To Fight Or Not to Fight by David Atkins

To Fight or Not to Fight
by David Atkins ("thereisnospoon")

This New York Times editorial has the definitive take on the austerity "deal" being forced on the country. The whole thing is worth a read, but perhaps the most salient point is this:
President Obama could have been more adamant in dealing with Republicans, perhaps threatening to use constitutional powers to ignore the debt ceiling if Congress abrogated its responsibility to raise it. But this episode demonstrates the effectiveness of extortion. Reasonable people are forced to give in to those willing to endanger the national interest.

When faced with an opposition willing to use lies, extortion and terrorism to achieve its goals, there are two possible responses. The first is equal and opposite aggression: to give as good as you get. But the second is to remain open-handed and and assume that by being the adult, turning the other cheek and giving way to your opponent even if only temporarily, you will seize the moral high ground and let the opponent's own momentum carry him over to his own destruction.

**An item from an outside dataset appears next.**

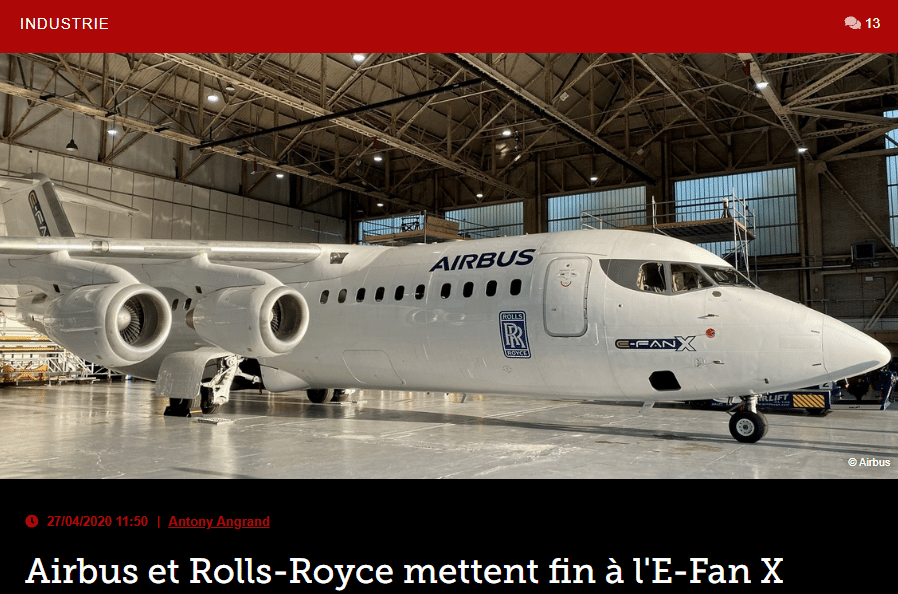 Airbus et Rolls-Royce mettent fin à l’E-Fan X

That is the essence of what can be loosely characterized as "Eastern" wisdom, a very Taoist or Buddhist approach. In the Christian tradition, this sort of counsel can be found throughout the Book of Matthew. In a more secular vein, it could be called the Atticus Finch approach. Insofar as one gives Barack Obama the benefit of the doubt, he almost surely sees himself as Atticus Finch refusing to punch back even as the villain spits in his face.

The analogy is imperfect at best, of course. In To Kill a Mockingbird, Atticus is the only one in town to stand up to pervasive injustice, and is reviled for his trouble. In today's political climate, he would best be likened to a Bernie Sanders than a Barack Obama. But that having been said, the key point here is the response to intractable hatred, violence and terrorism. The character of Atticus Finch is celebrated in progressive circles precisely because he does not punch back, even when a man lies in his courtroom, incites racism to defeat him in trial, gets his client killed, and then spits right in his face. We celebrate Atticus for not giving into the temptation of the same righteous anger we all feel in that scene, the desire to do copious physical harm to the transgressor, to give him as good as he gave and then some.

In foreign policy, it is likewise the progressive instinct to prove the superiority of our values by refusing to debase ourselves even in the face of mass terrorism perpetrated by fundamentalist extremists, whether it be Al Qaeda or Anders Breivik. It is our instinct to refuse to be goaded into retaliatory war, or the passive-aggressive crouch of a national security state. It is our instinct, in other words, to react to terrorism by taking reasonable preventive measures and targeted efforts to bring individual perpetrators to justice, but on a broader level to soften anger towards us as a society by proving that we remain undaunted by violent attempts to goad us into an eternal clash of civilizations.

It is not our instinct to take an eye for an eye, a tooth for a tooth. It is not our instinct to play by the rules of "The Chicago Way", where an act of aggression by an opponent is responded to with an act of equal or greater retaliation by your own side:

Many on the Left tend to feel deeply uncomfortable with that kind of approach. Ironically, "progressives" tend to idolize not the great 19th and early 20th century firebrands who were the namesake of the movement, but rather advocates of non-violent resistance.
FDR's great Madison Square Garden speech welcoming the hatred of the forces of big business strikes many self-avowed progressives as jarring and not in keeping with their values: not because they necessarily support big business, but because they instinctively recoil at such a strident, deeply aggressive approach to one's opposition. Listen to FDR once more, and see if you too do not cringe even ever so slightly at the brazenness of the man's rhetoric.

It should come as no surprise that modern Democrats lack the will to fight on equal terms with the uncompromising terrorists of the Right. It should come as no surprise that Barack Obama continues to have the support of most of the Democratic base even as he gives away the store.

Go to any convention of progressives, and you're far likelier to see images of Martin Luther King, Jr. and Mahatma Gandhi than either Teddy or Franklin Delano Roosevelt. To most Democrats and progressives, Barack Obama is simply following along in their tradition of passive resistance and refusal to play by their terms.

The key challenge for the progressive movement is to decide just how far down that road we will travel before enough is enough, before the Eastern Tao gives ground to the Chicago Way, and before even Atticus Finch decides he has no choice but to finally punch back.